# How to clean filter socks



## Green Ocean (Jun 24, 2014)

What is the best way to clean filters socks so you don't have to change it regularly? I don't think it's good to just buy new ones every 2 weeks.


----------



## altcharacter (Jan 10, 2011)

throw them all in the washing machine and turn them on....
how else would you do it?


----------



## Green Ocean (Jun 24, 2014)

a little waste of water when just washing a few white bags, don't you think. Can you use bleach?


altcharacter said:


> throw them all in the washing machine and turn them on....
> how else would you do it?


----------



## altcharacter (Jan 10, 2011)

yeah I use a bit of bleach to help get the smell and garbage out. Not much though.

I owned 10 filter socks and changed them twice a week so I would only have to do one load per month. Makes it worth it and they're only a few bucks each.

You can find them used on here for 3 bucks or so. I'd say stock up!


----------



## fury165 (Aug 21, 2010)

You'd want to make sure that the washer is clean and free of detergent and softeners. 

I prefer to soak them in a small bucket with bleach and hand wash. Alternately I use hydrogen peroxide instead of the bleach.


----------



## Green Ocean (Jun 24, 2014)

Yeah, good idea. Do you rarely buy new ones if you wash them thoroughly?


fury165 said:


> You'd want to make sure that the washer is clean and free of detergent and softeners.
> 
> I prefer to soak them in a small bucket with bleach and hand wash. Alternately I use hydrogen peroxide instead of the bleach.


----------



## fury165 (Aug 21, 2010)

Green Ocean said:


> Yeah, good idea. Do you rarely buy new ones if you wash them thoroughly?


Yep, they can last for a long time with regular care. Another option is to buy nylon mesh filter socks, they are readily available. Easier to care for, just a quick dip in bleach an rinse thoroughly.

Like this

http://www.bigreefdepot.com/4-inch-mesh-filter-sock-plastic-ring-200-micron-p/flm1003.htm


----------



## twobytwo (Oct 25, 2014)

I don't use filter socks but have a questions for those that do... Could you put a piece of filter floss inside the sock and just change out the filter floss?


----------



## fury165 (Aug 21, 2010)

twobytwo said:


> I don't use filter socks but have a questions for those that do... Could you put a piece of filter floss inside the sock and just change out the filter floss?

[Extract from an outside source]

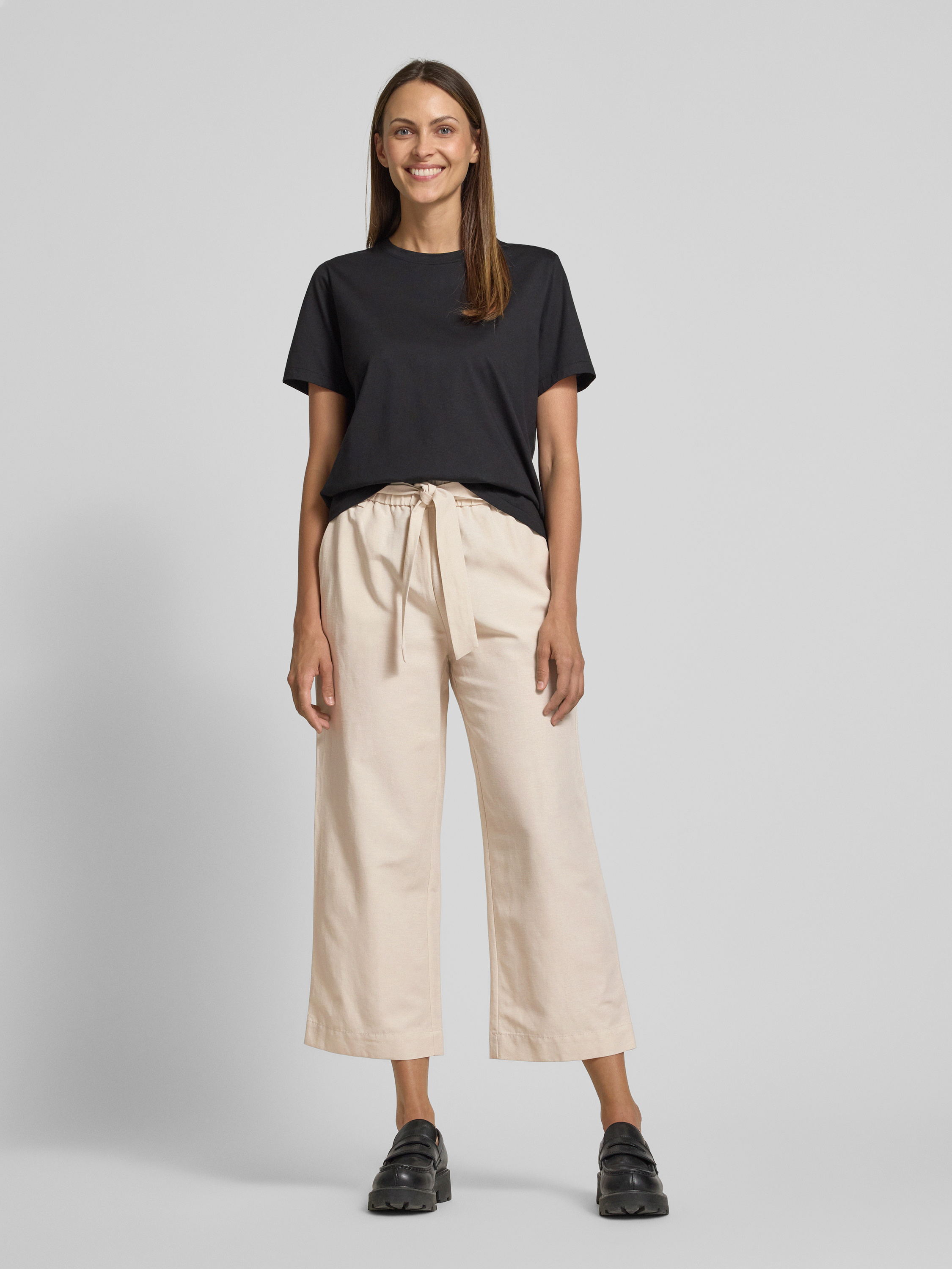 Straight leg stoffen broek met verkort model in zand
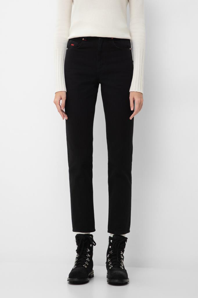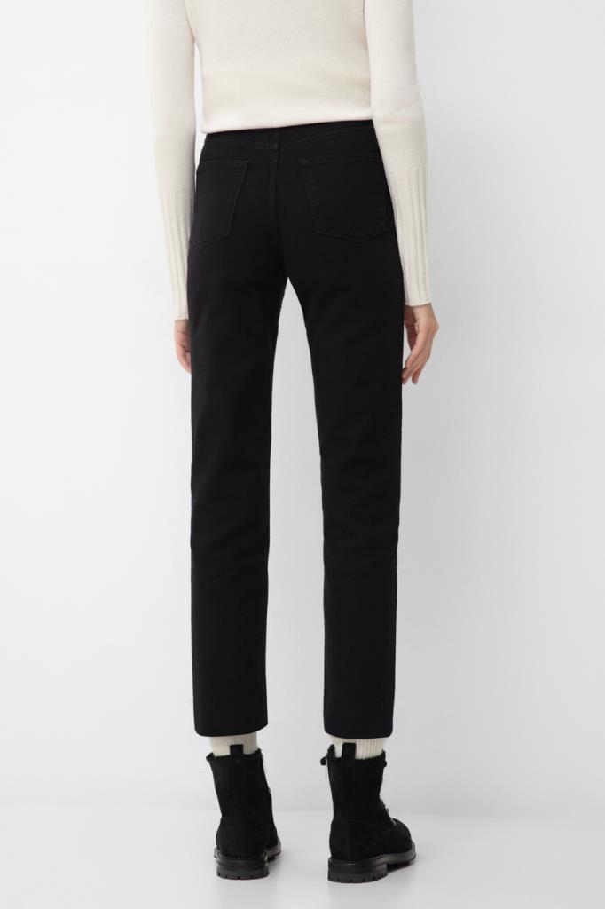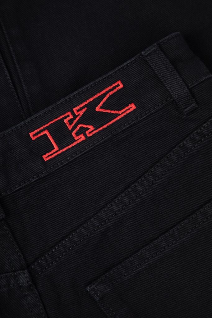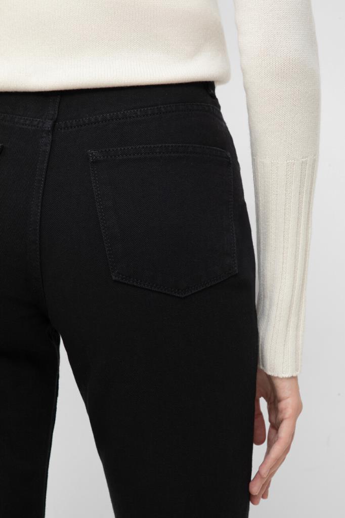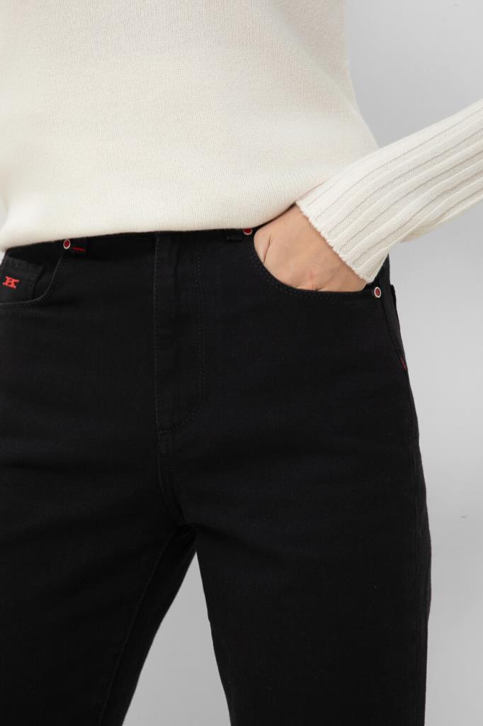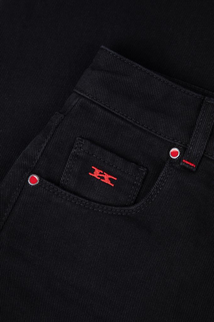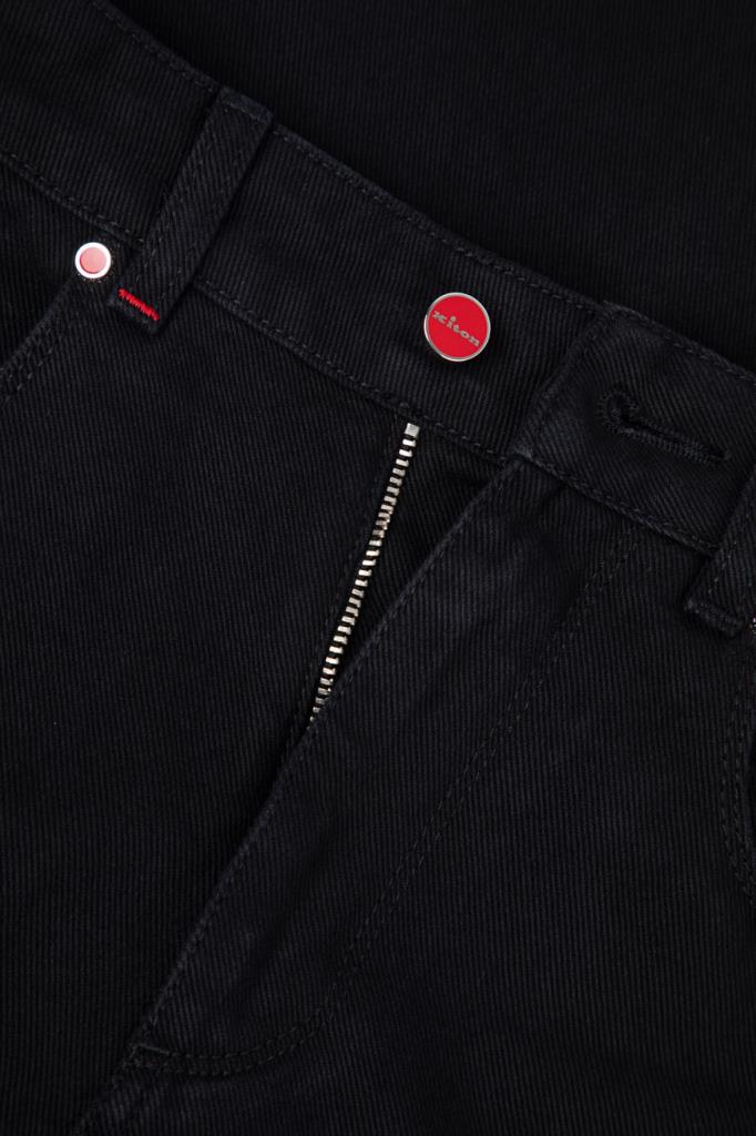 Хлопковые джинсы прямого силуэта от бренда Kiton. Изделие выполнено в чёрном цвете и оснащено застёжкой на потайную молнию и брендированную эмалированную пуговицу с планкой. О принадлежности повседневной модели Дому напоминают вышитые знаковые литеры «K» на маленьком кармане спереди и поясе сзади.

Noah, you could put the floss between the baffles in your sump. I used to do that by cutting pieces that were the width of the baffle and maybe 4-5" high... Any thing taller is a waste since the top (or bottom depending on which baffle you place it in) will clog up and the other half won't really get utilized. I'd then throw out the floss and slap in another piece. Great way to polish your water as long as you maintain the swaps.


----------



## Patwa (Jan 30, 2014)

Green Ocean said:


> What is the best way to clean filters socks so you don't have to change it regularly? I don't think it's good to just buy new ones every 2 weeks.


I've been doing this for two years with a batch of 5 (100 micron poly-fiber) bags. I washed the lot this past weekend and from what I can see I easily have another year or more of use to go. With care and proper cleaning they can last a while. Each filter stays on my return line for 2-3 weeks on average. I only use my washing machine to clean.....I toss in the washer for 2 separate washes:

First wash is just cold water with the socks turned inside out so the detritus can easily be knocked off and washed away.

Second wash is same as above, but the socks are turn outside in so they're back to normal. I also use a shot-glass (1oz) worth of bleach right at the beginning of this wash.

Works like a charm. Filters come out bone white and smelling like nothing.

I would advise against using poly-*mesh* bags. They do the job just fine, but they clog up _much_ faster than the poly-fiber. Granted, they are easier to clean tho.


----------



## Green Ocean (Jun 24, 2014)

yeah, but smaller things it can't capture.


fury165 said:


> Yep, they can last for a long time with regular care. Another option is to buy nylon mesh filter socks, they are readily available. Easier to care for, just a quick dip in bleach an rinse thoroughly.
> 
> Like this
> 
> http://www.bigreefdepot.com/4-inch-mesh-filter-sock-plastic-ring-200-micron-p/flm1003.htm


----------



## Green Ocean (Jun 24, 2014)

thanks, I'll try that.


Patwa said:


> I've been doing this for two years with a batch of 5 (100 micron poly-fiber) bags. I washed the lot this past weekend and from what I can see I easily have another year or more of use to go. With care and proper cleaning they can last a while. Each filter stays on my return line for 2-3 weeks on average. I only use my washing machine to clean.....I toss in the washer for 2 separate washes:
> 
> First wash is just cold water with the socks turned inside out so the detritus can easily be knocked off and washed away.
> 
> ...


----------



## garwood (Oct 27, 2012)

ewww and you wash you clothes in the same washer. my old lady would freak out if she caught me doin that.


----------



## fury165 (Aug 21, 2010)

garwood said:


> ewww and you wash you clothes in the same washer. my old lady would freak out if she caught me doin that.


Exactly this  ROFL


----------



## davebradley (Mar 16, 2014)

Mine too. 


Sent from my iPhone using Tapatalk


----------



## Patwa (Jan 30, 2014)

haha Garwood...you've got a delicate flower there!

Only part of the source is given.